All these are to be intimately mixed in the powder form by sifting through a sieve several times. As the wax is in a solid form and does not readily become reduced to powder by pounding in a mortar, the best method of reducing it to such a condition is to put the wax into a bottle with some sulphuric or rectified ether and then allow the fluid to evaporate. After it has dissolved the wax, as the evaporation proceeds, the wax will be deposited again in the solid form, but in fine thin flakes, which will easily break down to a powder form when rubbed up with the other ingredients in a cold mortar. Pack in paper or in cardboard boxes. To use, 4 teaspoonfuls per pound of dry starch are to be added to all dry starch, and then the starch made in the usual way as boiled starch.
Refining Of Potato Starch. —A suitable quantity of chloride of lime, fluctuating according to its quality between 1/2 to 1 part per 100 parts of starch, is made with little water into a thick paste. To this paste add gradually with constant stirring 10 to 15 times the quantity of water, and filter.
The filtrate is now added to the starch stirred up with water; 1/2 part of ordinary {681}hydrochloric acid of 20° Bé. previously diluted with four times the quantity of water is mixed in, for every part of chloride of lime, the whole is stirred thoroughly, and the starch allowed to stand.
When the starch has settled, the supernatant water is let off and the starch is washed with fresh water until all odor of chlorine has entirely disappeared. The starch now obtained is the resulting final product.

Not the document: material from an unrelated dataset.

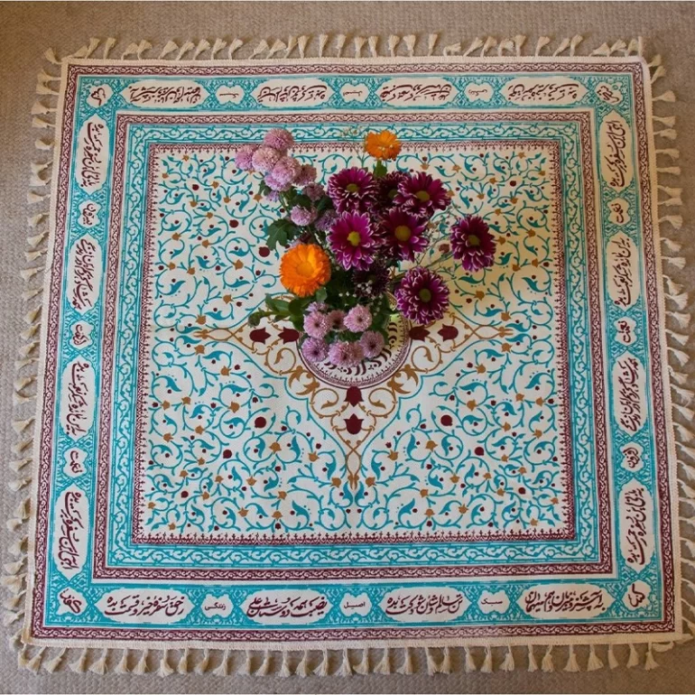این سفره بر اساس سبک سنتی مردم ایران الگو گرفته شده است و داخل آن از اشعار عالی استفاده شده است. دور تا دور این سفره از منگوله های نخی تشکیل شده است و چاپ آن با دوام و مرغوب می‌باشد و در اثر شستشو از بین نمی‌رود.

If the starch thus treated is to be worked up into dextrin, it is treated in the usual manner with hydrochloric acid or nitric acid and will then furnish a dextrin perfectly free from taste and smell.
In case the starch is to be turned into “soluble” starch proceed as usual, in a similar manner as in the production of dextrin, with the single difference that the starch treated with hydrochloric or nitric acid remains exposed to a temperature of 212° F., only until a test with tincture of iodine gives a bluish-violet reaction. The soluble starch thus produced, which is clearly soluble in boiling water, is odorless and tasteless.
Starch Powder. —Finely powdered starch is a very desirable absorbent, according to Snively, who says that for toilet preparations it is usually scented by a little otto or sachet powder. Frangipanin powder, used in the proportion of 1 part to 30 of the starch, he adds, gives a satisfactory odor.
Possible Saltpeter Poisoning
Saltpeter (Nitrate Of Potash).
—Symptoms: Only poisonous in large quantities, and then causes nausea, painful vomiting, purging, convulsions, faintness, feeble pulse, cold feet and hands, with tearing pains in stomach and bowels. Treatment: Treat as is directed for arsenic, for there is no antidote known, and emptying the stomach and bowels with mild drinks must be relied on.